The Civil War erupted months later, so the ship that Meaher commissioned for the horrific task, the Clotilda, ended up being the last vessel to transport enslaved people to America. Meaher and Captain William Foster, who sailed the schooner on its four-month journey from Mobile to what is now the African nation of Benin and back, burned the ship and sank it in an Alabama swamp to destroy evidence of their crime. The Clotilda stayed hidden for 160 years, until journalist Ben Raines uncovered its remains in 2018. Now Raines has written “The Last Slave Ship: The True Story of How Clotilda Was Found, Her Descendants, and an Extraordinary Reckoning.”

The gripping and affecting book tells several stories, and Raines deftly weaves them into a tight, propulsive narrative. He begins with Meaher and his brothers, who grew up in Maine but amassed their fortunes in the South. The Clotilda voyage grew out of a $1,000 bet that Meaher made after boasting that he could illegally import a ship of human cargo without being punished.

Why We Wrote This

Uncovering the past often means grappling with painful legacies. By bringing to light the true story of the last slave ship, journalist Ben Raines documents the first steps toward reconciliation.

Aided by Foster’s written accounts, Raines reconstructs the ship’s journey. The Clotilda survived mutiny attempts by the crew, which had been hired without knowledge of the voyage’s purpose; the schooner also had to evade a British fleet patrolling the African coast to enforce international slave-trade bans. 

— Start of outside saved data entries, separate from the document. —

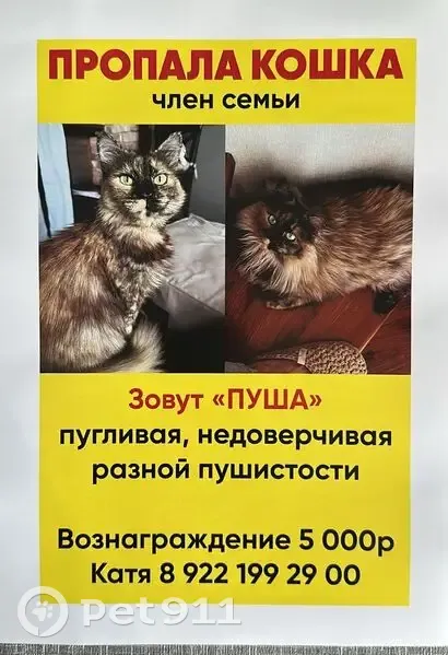 Пуша гуляет на улице, но ночевать всегда приходит домой. Мы переехали 13.11 и утром выпустили её, она с тех пор не возвращается((( Пушистая трехцветка в сером ошейнике, но его из-за шерсти не видно. Недоверчивая и царапучая с чужими. Очень ждем её домой, если увидите - придержите как-нибудь. Мы быстро приедем забрать. Вознаграждение 5.000₽
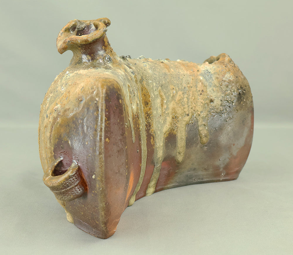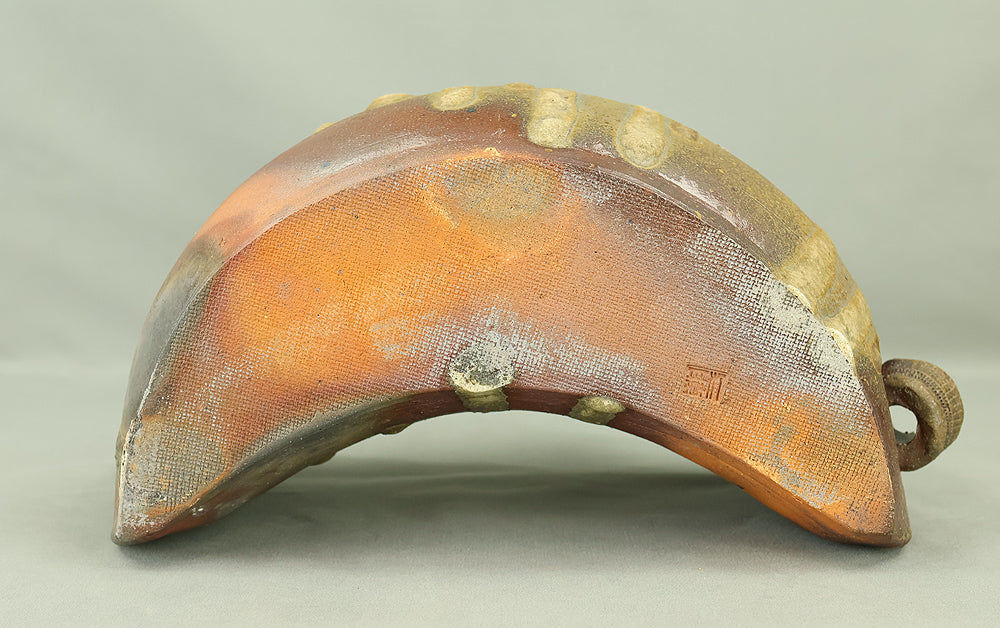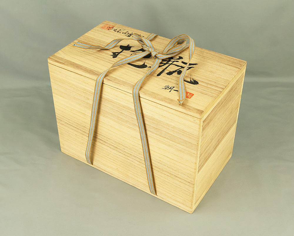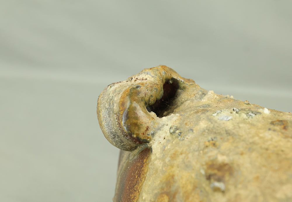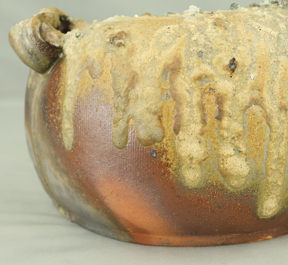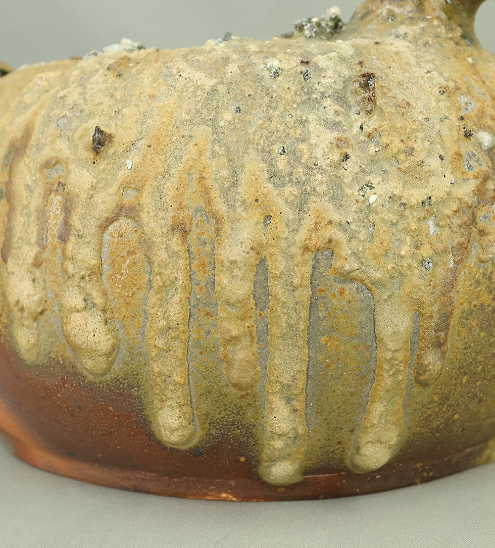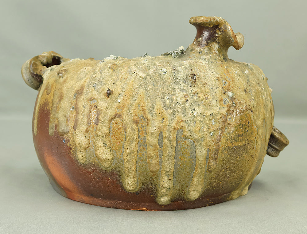Created by Yonaha Choichi (b.1936), a leading Okinawan ceramic artist and Gold Prize recipient at the 5th Contemporary Okinawan Ceramics Exhibition, this shoulder‑carried sake bottle (dachibin) reflects the island’s distinctive pottery traditions. The vessel’s sculptural form—multiple openings, asymmetrical contours, and hand‑built presence—evokes the practical origins of the dachibin, once carried on the shoulder during celebrations and communal gatherings. Its textured surface and earthy tones highlight Yonaha’s sensitivity to clay and firing, giving the piece a natural, weathered character that feels rooted in Okinawa’s landscape. Measuring 30 × 18 × 18 cm and made of robust pottery, it balances functionality with expressive craftsmanship. The work is accompanied by its original tomobako, underscoring its authenticity and the esteem given to pieces by this respected artist.
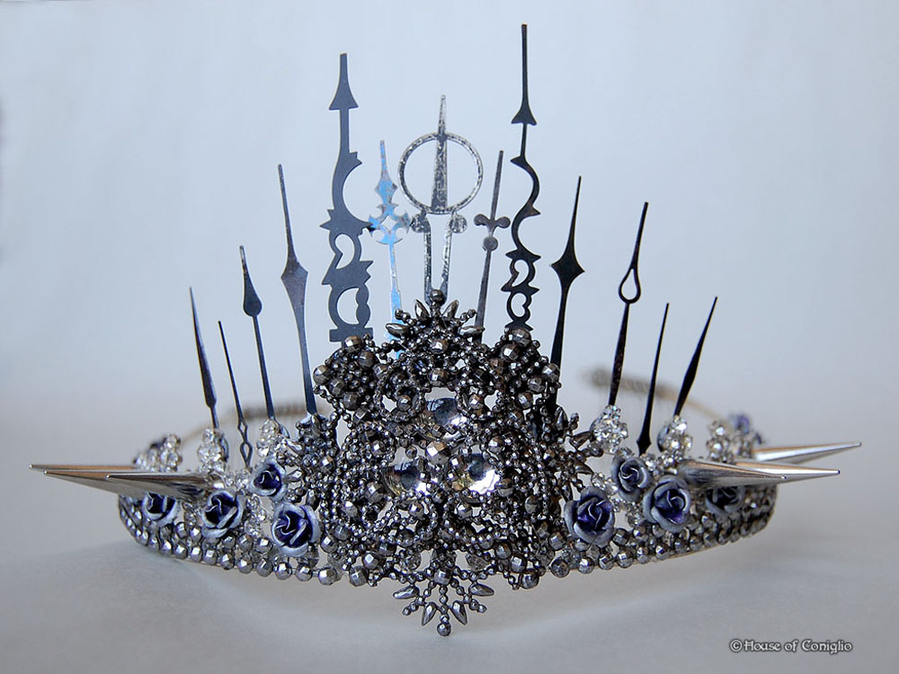 (Featured) Antique Bee Baby pendant, created using a porcelain doll from the early 1900’s, and vintage rosary bead chains; Tiara created from Victorian steel cut buckles, and antique watch & clock hands; Vintage rolled-gold watch case with vintage rhinestones & Austrian crystal cat, and vintage rosary bead chains.
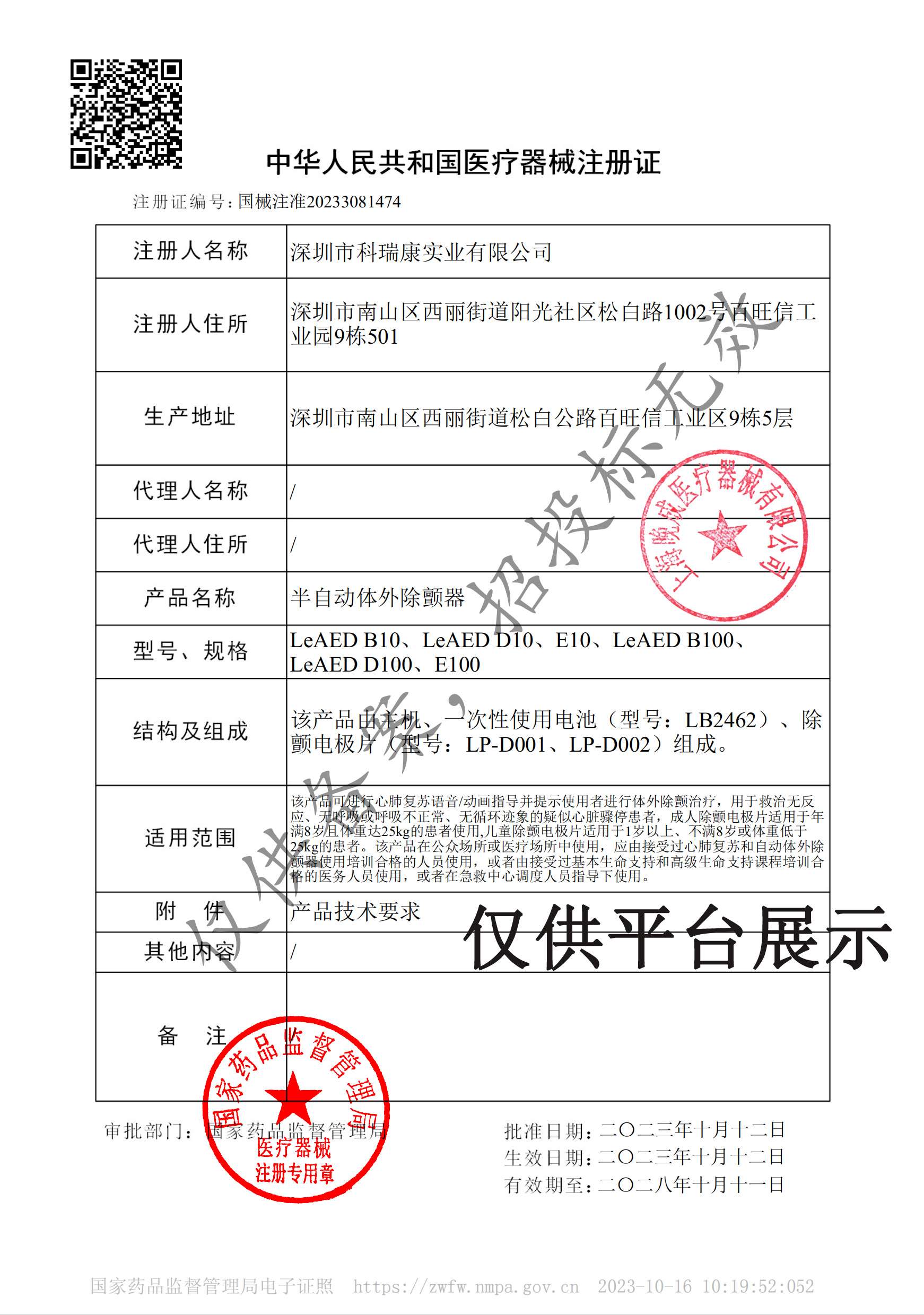 产品名称 : 乐普医疗 半自动体外除颤器LeAED D100便携带屏幕急救
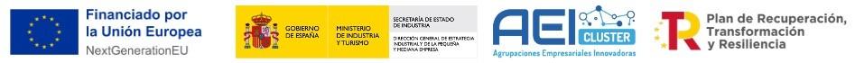 Este proyecto está cofinanciado por el Ministerio de Industria y Turismo a través de la línea de ayudas de apoyo a las Agrupaciones Empresariales Innovadoras, en su convocatoria del 2023 dentro del marco del Plan de Recuperación, Transformación y Resiliencia, con número de expediente AEI-010500-2023-343.
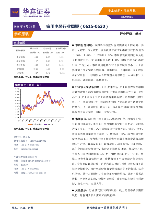 618促销 家电行业 市场表现 股票分析 风险提示
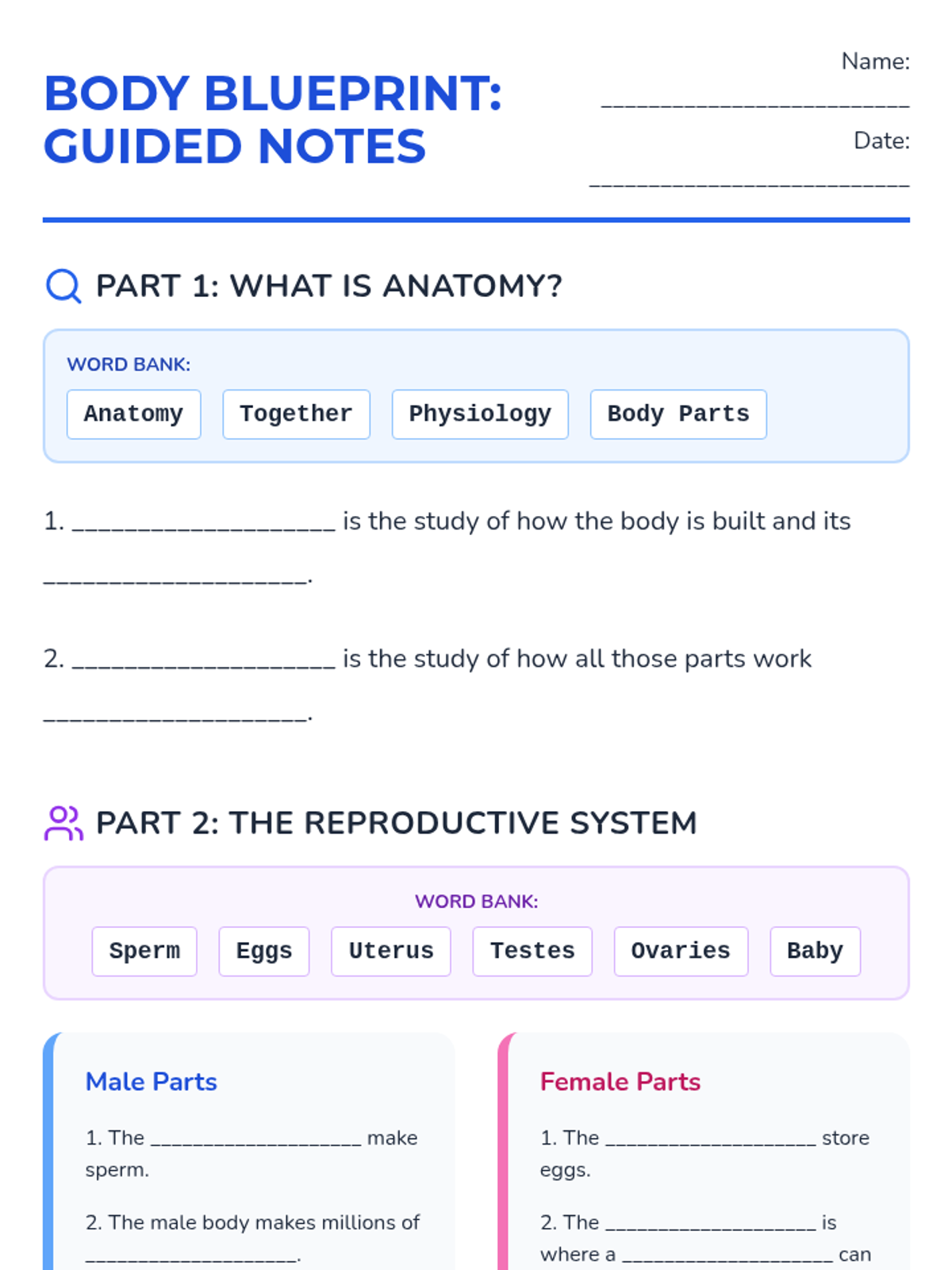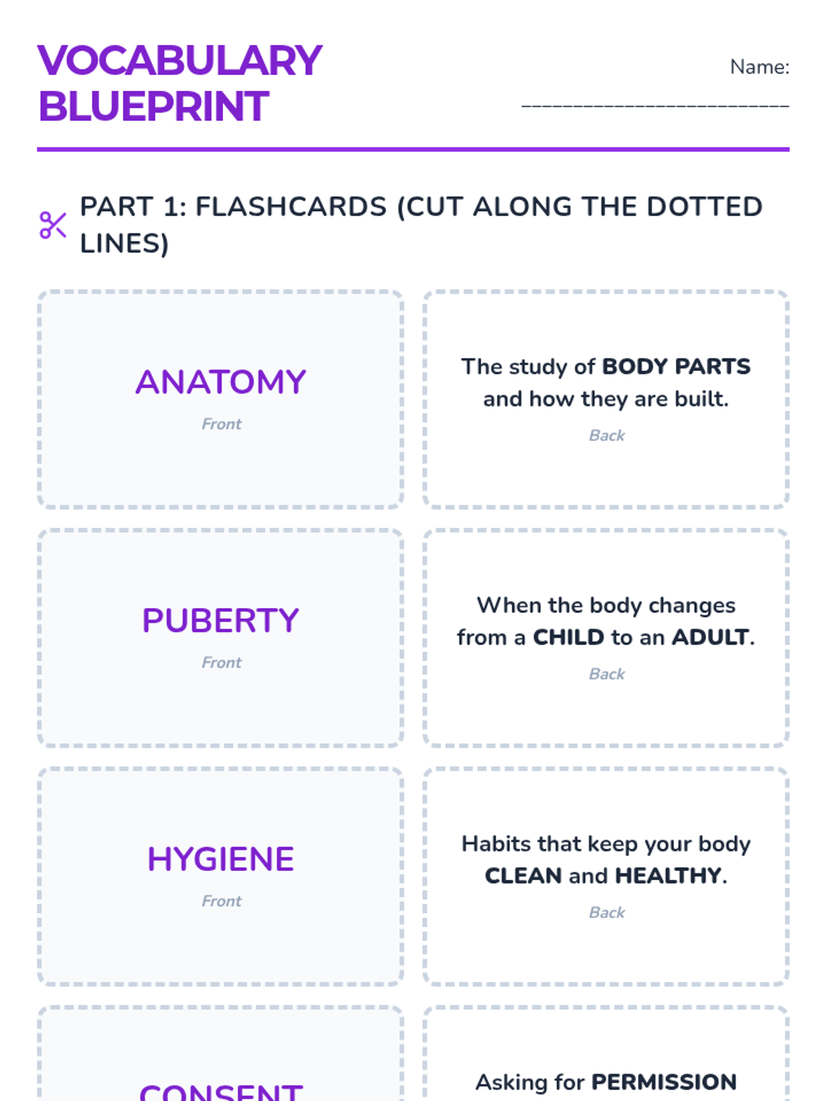 A simplified, visually-heavy curriculum on sexual health adapted for 6th-grade resource room students. Covers anatomy, puberty, relationships, and state laws using guided notes, scaffolded projects, and visual supports.
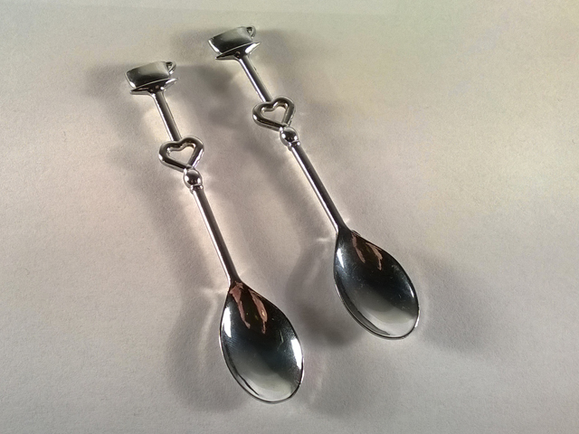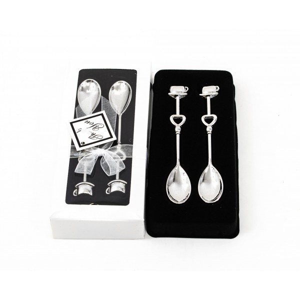 Marturie pentru nunta set doua lingurite argintii, cu manere cu model inimioare, ambalate in cutie alba si legate cu fundita din organza alba si biletel cu text For You
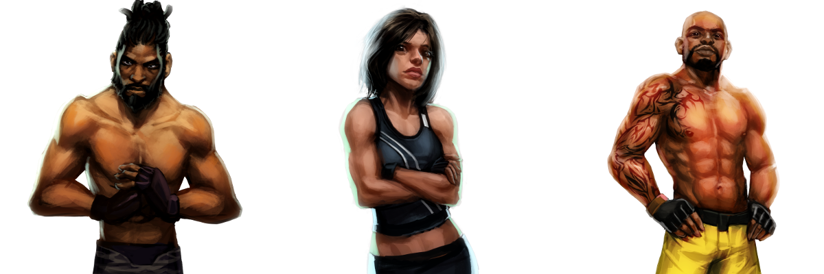 I hired an artist to replace all of the portraits with more stylized fighters. I really like the new look, and it gives the game a unique style that works way better than trying to look realistic like before.
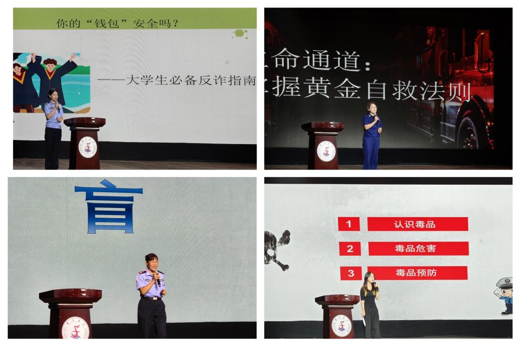 在安全教育讲座中,台州市公共安全教育馆讲师杨韵和临海市公安局民警岩依羞,通过真实案例提醒同学们要时刻保持警惕,积极网络安全相关知识,坚决做到“不听、不信、不转账”,为自己的财产安全筑牢防线。台州市公共安全教育馆讲师徐杨、临海市公安局交警大队民警许丽莉,围绕“交通安全”主题开讲,通过触目惊心的交通事故案例,直观地呈现了交通违规行为带来的危害并引导新生树立“文明出行,安全第一”的意识。台州市消防救援支队路桥区桐屿大道站屈资博班长、临海市消防救援大队宣教员金丹丹通过生动的演示和互动,向同学们传授了在紧急情况下的逃生技巧和自救方法,让同学们受益匪浅。在毒品预防课程中,马克思主义学院副教授、禁毒讲师李正军老师和学生郑梦瑶、李岚心主讲,他们通过典型案例告诫同学们要谨慎交友,远离不良诱惑,坚决抵制“笑气”,守护自己和他人的健康生活。
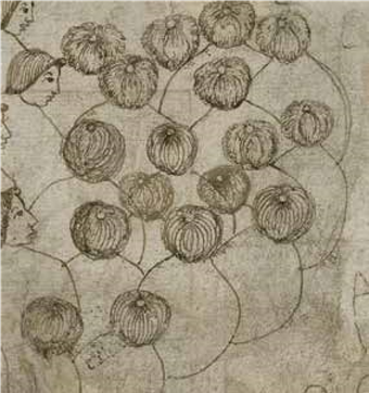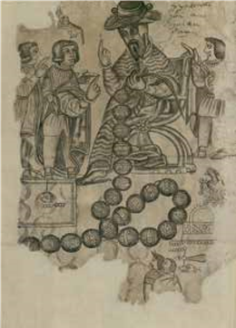 Although the genre of the codex remains unclear, its pictographic contents show several similarities with contemporaneous documents produced by indigenous communities to prove abuse perpetrated by Spanish authorities. Codex Tepetlaoztoc, or Codex Kingsborough (1553), from a town in the north of the State of Mexico, for example, details the complaints against the exploitative and violent behavior of the encomendero and other Spanish officials.51 The longest part of the document deals with the excessive tribute that was requested annually. In a manner similar to Codex Yanhuitlan, large quantities of raw material (grains or gold) are represented in a rather simplified and concise manner, while precious items are depicted in a large format with a specific attention given to details. Folio 216r (fig. 15) depicts a golden necklace, whose beads show the same pre-Hispanic motifs, such as volutes, found in the rosary necklace in Codex Yanhuitlan (Lafragua 8r-8v, fig. 11); only this time the central piece is represented by a flower with nine bells. In the same page, there are also several golden disks, a depiction found on AGN 505r in the case of Codex Yanhuitlan. Obsidian mirrors are found on Codex Tepetlaoztoc, folios 224v and 225r and Codex Yanhuitlan, AGN 507r. Large feather works in the form of fans are seen on folios 226v and 227 of Codex Tepetlaoztoc and CCSD 3v and AGN 505v of Codex Yanhuitlan.

The Clotilda’s destination was Ouidah, in what was then the kingdom of Dahomey. The kingdom was notorious for attacking neighboring villages, executing the very old and very young, and selling the rest into slavery. Dahomey, Raines writes, “may have been responsible for capturing and deporting about 30 percent of all the Africans sold into bondage worldwide between 1600 and the 1880s.” In the late 1920s, author Zora Neale Hurston interviewed Clotilda survivor Cudjo Lewis, by then the last man alive who’d endured the Middle Passage. Raines relies on her work to re-create Lewis’ account of the brutal raid that led to his capture, imprisonment in Ouidah, and eventual sale to Foster.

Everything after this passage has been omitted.